Pdf uploading to trash


(Tim Mcqueen) #1

Hello all,

 

Unfortunately I have another, different, issue. I note that it seems perhaps similar to

http://forums.squizsuite.net/index.php?showtopic=11428&hl=%2Bupload+%2Bpdf+%2Berror

 

Some other editors were trying to upload a PDF in Edit+ and it says that is has failed to upload. Attached screenshot.

We have been able to upload the PDF in the backend only. Myself and another Sys Admin have both tried in Edit+ and also cannot upload it there.

 

I have tried saving it in a variety of locations, and also saving it from a variety of pages. I have tried uploading a variety of different PDFs. Nothing has worked.

 

None of the PDF are password protected.

 

This is the error messages in the log I receive:

 

 Raw Entry: [25-Jul-2013 08:18:49] Raw Entry: 0: js_api_error_handler (/var/www/efs4103/packages/web_services/js_api/js_api_error_handler.inc line 31): Raw Entry: ERROR: Error occured while getting contents for pdf File Asset #286863 : Error: Document has not the mandatory ending %EOF. Error Number:512 8:19:06 - 25 Jul User: Emily xxx
Level: MySource Warning

(/core/assets/files/pdf_file/pdf_file.inc:111) - Error occured while getting contents for pdf File Asset #286863 : Error: Illegal entry in bfchar block in ToUnicode CMap

 

 

I note it says "Error: Document has not the mandatory ending %EOF. Error Number:512"

 

I have looked at the coding when the PDF is opened in Notepad++, and it does end with %%EOF.
I believe this file was created in Adobe InDesign, and packed/exported to PDF.

 

 

I note there is a second set of warnings that seem to come up in conjunction with each attempt at uploading:

Error: Illegal entry in bfchar block in ToUnicode CMap

This is caused by the pdftohtml process, from what I have read.

 

Does any of that explain the error screen in Edit+, and the fact that whilst it says "Failed" it actually has uploaded, but moved it also to trash ??

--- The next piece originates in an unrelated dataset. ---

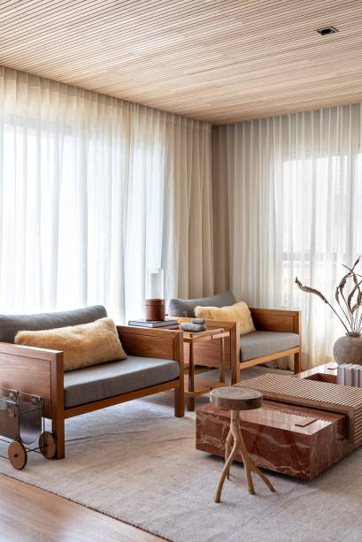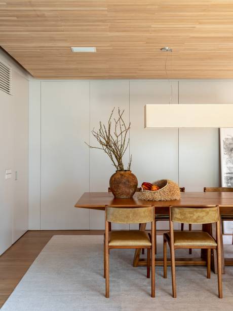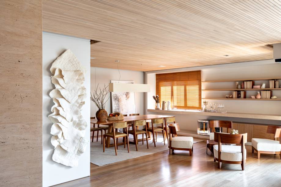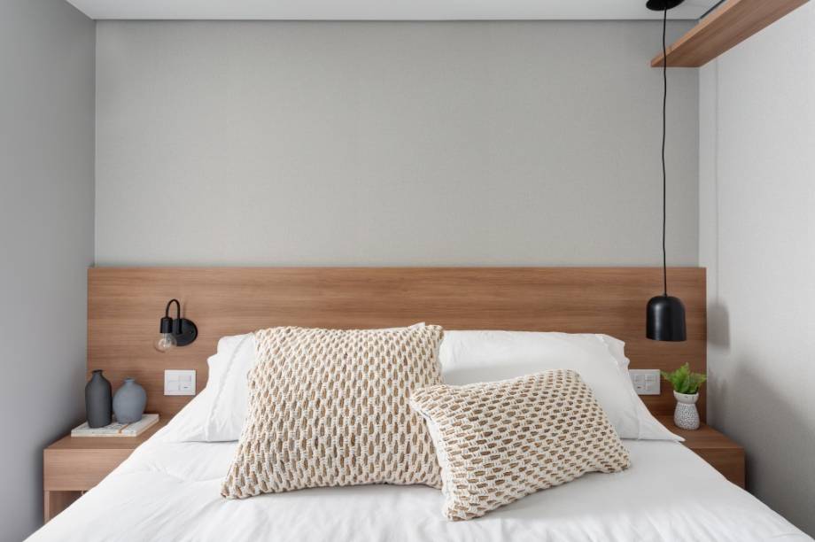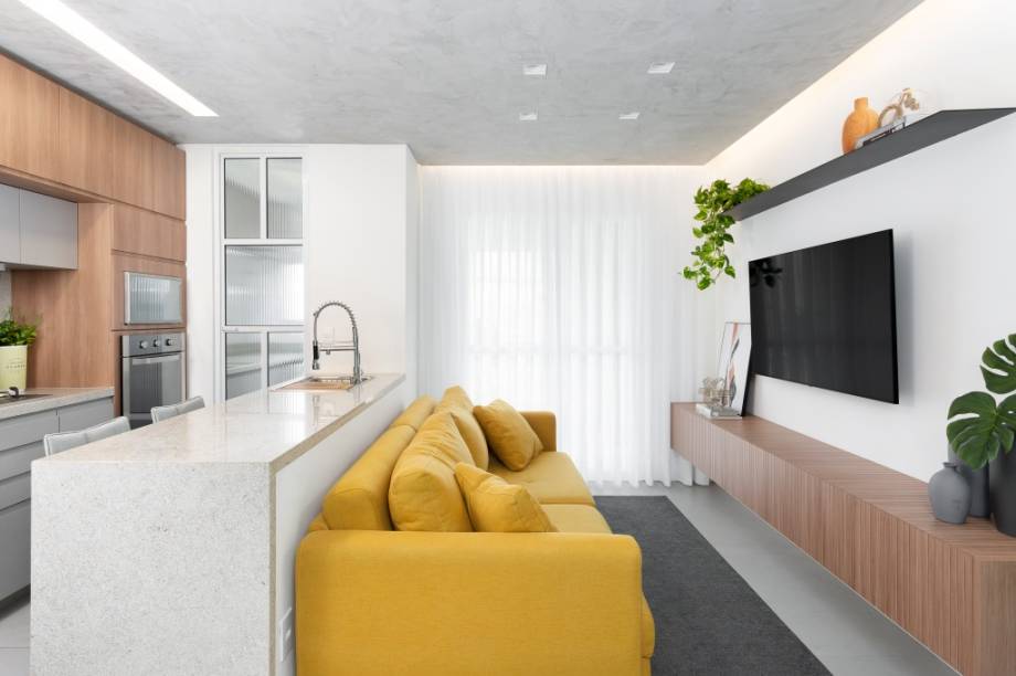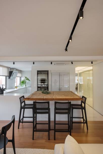 O uso de madeira em painéis, móveis e até no piso, pode ser muito interessante para quebrar completamente o estático dos ambientes brancos. A madeira também é responsável por trazer conforto e casa muito bem com qualquer ambiente.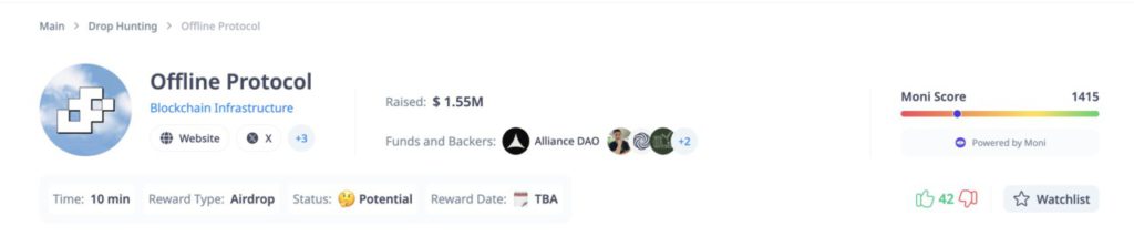 The image above shows the details of a crypto project called Offline Protocol, which is engaged in the Blockchain Infrastructure sector. The project is holding an airdrop program with a very short participation time of only about 10 minutes, making it one of the fastest airdrops to participate in. Its current status is still āPotentialā, meaning that rewards are not yet confirmed to be given, and the distribution date is also still not announced (TBA).

I have checked our triggers, and we have none relating to moving PDF files, or any relating to moving assets to trash.

 

 

Our non-backend editors need to be able to upload their PDFs using Edit+.

I am not sure exactly when this has begun. I have only just been notified of this one, which the user reported on 19/07/2013.

pdftohtml is a useful tool, we do not want to disable it.

 

This is our External Tools config setup:

Enable HTML Tidy Yes HTML Tidy Accessibility Check Level 0 HTML Standard to use for HTML Tidy HTML 4.01 Transitional Enable pdftohtml Yes Enable Antiword Yes Enable Photoshop Metadata Extraction No Enable Markdown No Enable Markdownify No Enable getID3 Extraction No Enable OGG Metadata Extraction No Enable Virus Checker No

 

Keyword Extraction Tools section_icon.gif Path to pdftohtml /usr/bin/pdftohtml Path to Antiword /usr/bin/antiword Path to Antiword Mappings /usr/share/antiword

 

 

 

Any advise as to how to solve this would be greatly appreciated.

 

Kind regards,

Emily. uploading_pdf.jpg (58.8 KB)


(Nic Hubbard) #2

I wonder if this post will help: http://www.eprints.org/tech.php/16939/attachment/message.html

 

Talks about upgrading xpdf which will allow more characters in CMap.


(Edison Wang) #3

The error is cropping up from pdftohtml. It's a tool Matrix uses to extract content for search indexing.

 

The command Matrix uses is:

/path/to/pdftohtml -i -nomerge -noframes -stdout -opw password /path/to/pdf

 

So you can use this command to replicate the error that you saw on matrix. The tool needs to be fixed.

 

I have no idea how to resolve this issue, you might need to google around and probably try to upgrade the tool. That's all i can advise.